Литмир - Электронная Библиотека

Елизавета знала это и поэтому сделала перед смертью самые серьезные распоряжения к продолжению войны. Уже на смертном одре она потребовала от русского сената обещания не заключать мира с Пруссией без участия в нем союзников. Но лишь только она закрыла глаза, случилось как раз наоборот. Русские войска приготовились очистить королевство Пруссию, Померанию и Неймарк. Завоеванный Кольберг был вновь возвращен, военнопленные освобождены, а русский корпус с Чернышевым во главе был отозван из австрийской армии. Великодушие русских простерлось до того, что целые области в Померании получили в подарок из русских магазинов необходимое для посевов зерно. Петр стал тогда серьезно советовать мир своим прежним союзникам: он подал пример, возвращая все русские завоевания, ссылаясь при этом на свои монаршие обязанности щадить кровь вверенных ему подданных и водворить спокойствие в своем государстве. Он называл это первым законом, предписанным Богом государям. Французский двор ответил совершенно в тоне того времени, – когда народ был ничто, а воля короля – все, – что ни нежные чувства монарха к своим подданным, ни мысль об их благосостоянии не могут поколебать его решения точно исполнить договор, заключенный с его союзниками, и что, по мнению самого христианского короля, это и есть первый долг государя. Так как и в Вене ничего не хотели знать о мире без невыполнимых условий, то Чернышев получил приказание присоединиться к королю со своим 20-тысячным войском и повиноваться ему безусловно; приказ этот был громовым ударом для Марии-Терезии, которая, основываясь на последних завоеваниях, считала уже войну почти оконченной и потому уменьшила свои войска на 20 000 человек.

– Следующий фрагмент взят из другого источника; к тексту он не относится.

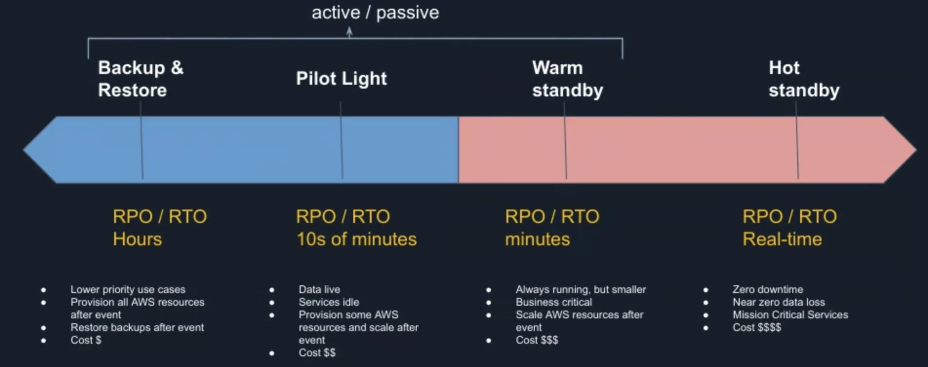 As for the different methods, different costs would be charged. The higher the cost, the faster the recovery. If your business can tolerate a few hours of service interruption, a normal backup and restore scenario is fine. But if it doesn’t work, and it takes a few minutes to restore service, then it’s a matter of replicating an identical environment in a different region, and in a standby state.

Новый британский министр, лорд Бьют, был до того невообразимо несведущ, что не знал об общеизвестном уважении, которое Петр уже столько лет питал к Фридриху и которое теперь так деятельно проявилось. Он полагал, что новый император желает удержать области, отнятые русскими у Пруссии, и предложил русскому послу в Лондоне, князю Голицыну, уговорить прусского короля к уступке всех провинций, которые потребует Россия, если император и впредь оставит свои войска при австрийской армии. Это позорное вероломство со стороны союзника нашло достойную награду: Петр ответил презрительно и оригинал этого предложения переслал Фридриху. Бьют, предназначенный к тому, чтобы неразумными своими выходками опозорить блеск британской славы, обратился тогда к венскому двору, чтобы примирить императрицу с прусским королем, совершенно без ведома последнего, причем он очень щедро дарил прусские области. Политичный и хорошо знающий характер Фридриха Кауниц счел это предложение, которое мог бы себе позволить разве только ученик в деле политики, – интригой, с целью поссорить дворы венский и версальский, и потому дал английскому поверенному унизительный ответ. Он сказал, что его государыня достаточно могущественна и может сама отстоять свои требования, и, кроме того, мир при посредстве Англии недостоин ее.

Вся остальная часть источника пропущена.